-- Data excerpts follows --
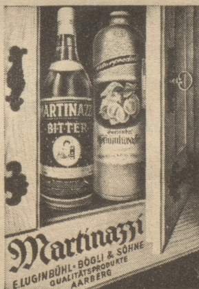
Martinazzi-Bar Mustermesse Basel Halle 14 Stand Nr. 4662
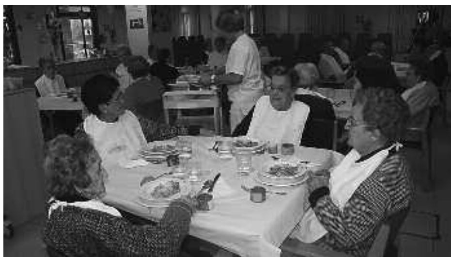
Guztiak batera, launakako mahaietan, bazkaltzen dute, 13:00etan. KARKARA

Euskaraz eta erdaraz egiten dituzte albisteei buruzko azalpenak.
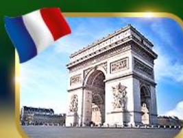
ประตูชัยฝรั่งเศส ปารีส
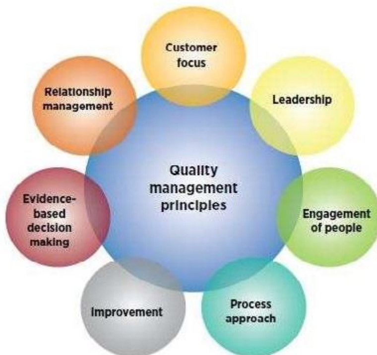
Slika 1. Sedam načela upravljanja kvalitetom
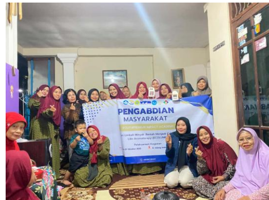
Gambar 4. Foto bersama
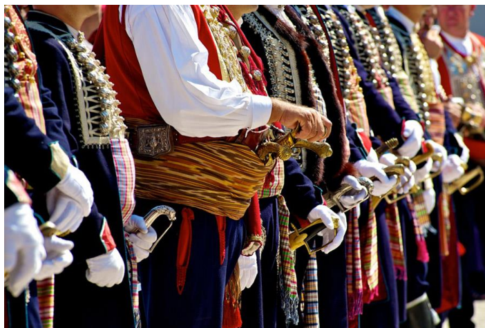
Slika 10. Detalji s nošnji alkarskih momaka i alkara

Po međunarodnim mjerilima, Alka je proglašena hrvatskim pokretnim spomenikom kulture najviše kategorije. Veliku čast ukazao joj je i Međunarodni odbor UNESCO-a 16. studenoga 2010. kada je na sjednici u Nairobiju donio odluku o upisu Sinjske alke na Popis zaštićene nematerijalne kulturne baštine čovječanstva. Tada je najstarija viteška igra na svijetu dobila i službeno priznanje najvažnije svjetske organizacije koja promiče kulturne vrijednosti. 104
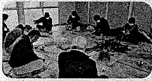
昔ながらのしめ縄作り(12/17)
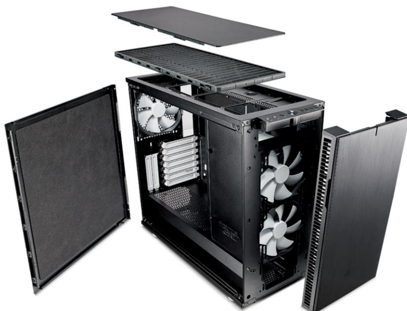
Slika 7: Eno najboljših ohišij na trgu, Fractal Design Define R6

Dobro ohišje vpliva tudi na glasnost sistema. Z ohišjem, ki podpira 120 ali 140mm ventilatorje in dušenje trdih diskov, lahko dosežemo nižjo glasnost sistema in s tem prijetnejšo uporabo.
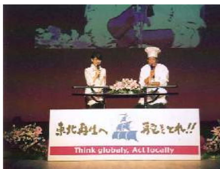
中華の鉄人 陳 建一氏

三年がかりにて準備をおこなってまいりましたが、参加頂いた青年部メンバーの皆様へ十分に気仙沼の魅力を伝えることが出来たのではないかなと思っております。皆様のご支援ご協力、誠にありがとうございました。
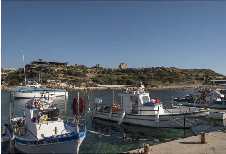
Port de pêche de Pegeia

Moins physique, mais tout aussi magnifique à découvrir, est la baie de Lara à quelques kilomètres des gorges. C'est l'une des plus belles plages de toute l'île, en même temps qu'un sanctuaire pour les tortues marines vertes ( Chelonia mydas ) et Caretta caretta .
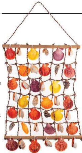
Cortina de conchas, Conchas & Artesanato, R$ 150
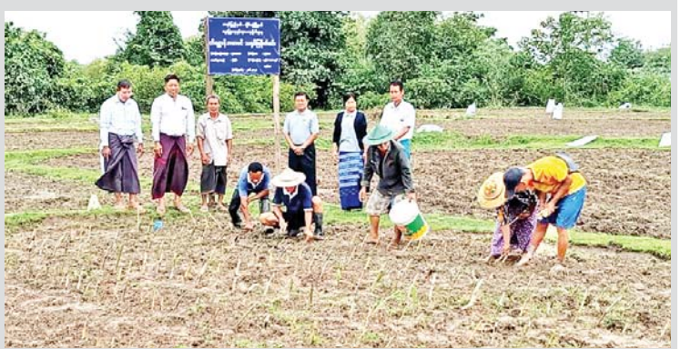
မြို့နယ်(ပြန်/ဆက်)

ကရင်ပြည်နယ် လှိုင်းဘွဲ့မြို့နယ်တွင် မိုးရာသီတိရစ္ဆာန်အစာပင် စိုက်ပျိုး သရုပ်ပြသခြင်းကို ဇွန် ၂၁ ရက် နံနက်ပိုင်းက သမ္မာန်ကျေးရွာအုပ်စု ရွာသာအေးကျေးရွာရှိ တောင်သူဦးပိုင်း ၏ လယ်မြေသုံးဧက၌ ကျင်းပရာ ပြည်နယ်မွေးမြူရေးနှင့်ကုသရေးဦးစီး ဌာနညွှန်ကြားရေးမှူးနှင့်တာဝန်ရှိသူများ ကြည့်ရှုအားပေးစဉ်။
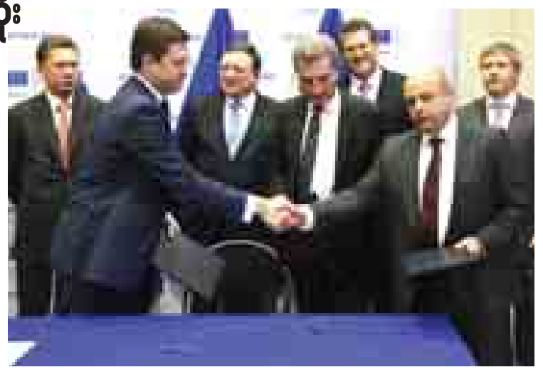
ရုရှားစွမ်းအင်ဝန်ကြီးအလက်ဇန္ဒြားနိုဗတ်နှင့် ယူကရိန်းစွမ်းအင်ဝန်ကြီးယူရီပရိုဒန်(ယာ)တို့ ဆွေးနွေးပွဲအပြီး လက်ဆွဲနှုတ်ဆက်ကြစဉ်။

ရုရှားက ယူကရိန်းနိုင်ငံသို့ ထောက်ပံ့ ခဲ့သော ဓာတ်ငွေများအတွက် ရရန်ကြွေးမြီ ပမာဏ ဒေါ်လာ ၄ ဒသမ ၆ ဘီလီယံရှိရာ ယခုနှစ်ကုန်တွင် ဒေါ်လာ ၃ဒသမဘီလီယံ ပေးချေရန် ရုရှားက ယူကရိန်းအား တောင်းခံ ခဲ့သည်။
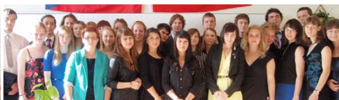
Promoción 2013 de las secciones bilingües de České Budějovice y Brno
-- Data excerpts concluded --
Except for pictures, copy the records above exactly.

Martinazzi-Bar Mustermesse Basel Halle 14 Stand Nr. 4662
Guztiak batera, launakako mahaietan, bazkaltzen dute, 13:00etan. KARKARA

Euskaraz eta erdaraz egiten dituzte albisteei buruzko azalpenak.
ประตูชัยฝรั่งเศส ปารีส
Slika 1. Sedam načela upravljanja kvalitetom
Gambar 4. Foto bersama
Slika 10. Detalji s nošnji alkarskih momaka i alkara

Po međunarodnim mjerilima, Alka je proglašena hrvatskim pokretnim spomenikom kulture najviše kategorije. Veliku čast ukazao joj je i Međunarodni odbor UNESCO-a 16. studenoga 2010. kada je na sjednici u Nairobiju donio odluku o upisu Sinjske alke na Popis zaštićene nematerijalne kulturne baštine čovječanstva. Tada je najstarija viteška igra na svijetu dobila i službeno priznanje najvažnije svjetske organizacije koja promiče kulturne vrijednosti. 104
昔ながらのしめ縄作り(12/17)
Slika 7: Eno najboljših ohišij na trgu, Fractal Design Define R6

Dobro ohišje vpliva tudi na glasnost sistema. Z ohišjem, ki podpira 120 ali 140mm ventilatorje in dušenje trdih diskov, lahko dosežemo nižjo glasnost sistema in s tem prijetnejšo uporabo.
中華の鉄人 陳 建一氏

三年がかりにて準備をおこなってまいりましたが、参加頂いた青年部メンバーの皆様へ十分に気仙沼の魅力を伝えることが出来たのではないかなと思っております。皆様のご支援ご協力、誠にありがとうございました。
Port de pêche de Pegeia

Moins physique, mais tout aussi magnifique à découvrir, est la baie de Lara à quelques kilomètres des gorges. C'est l'une des plus belles plages de toute l'île, en même temps qu'un sanctuaire pour les tortues marines vertes ( Chelonia mydas ) et Caretta caretta .
Cortina de conchas, Conchas & Artesanato, R$ 150
မြို့နယ်(ပြန်/ဆက်)

ကရင်ပြည်နယ် လှိုင်းဘွဲ့မြို့နယ်တွင် မိုးရာသီတိရစ္ဆာန်အစာပင် စိုက်ပျိုး သရုပ်ပြသခြင်းကို ဇွန် ၂၁ ရက် နံနက်ပိုင်းက သမ္မာန်ကျေးရွာအုပ်စု ရွာသာအေးကျေးရွာရှိ တောင်သူဦးပိုင်း ၏ လယ်မြေသုံးဧက၌ ကျင်းပရာ ပြည်နယ်မွေးမြူရေးနှင့်ကုသရေးဦးစီး ဌာနညွှန်ကြားရေးမှူးနှင့်တာဝန်ရှိသူများ ကြည့်ရှုအားပေးစဉ်။
ရုရှားစွမ်းအင်ဝန်ကြီးအလက်ဇန္ဒြားနိုဗတ်နှင့် ယူကရိန်းစွမ်းအင်ဝန်ကြီးယူရီပရိုဒန်(ယာ)တို့ ဆွေးနွေးပွဲအပြီး လက်ဆွဲနှုတ်ဆက်ကြစဉ်။

ရုရှားက ယူကရိန်းနိုင်ငံသို့ ထောက်ပံ့ ခဲ့သော ဓာတ်ငွေများအတွက် ရရန်ကြွေးမြီ ပမာဏ ဒေါ်လာ ၄ ဒသမ ၆ ဘီလီယံရှိရာ ယခုနှစ်ကုန်တွင် ဒေါ်လာ ၃ဒသမဘီလီယံ ပေးချေရန် ရုရှားက ယူကရိန်းအား တောင်းခံ ခဲ့သည်။
Promoción 2013 de las secciones bilingües de České Budějovice y Brno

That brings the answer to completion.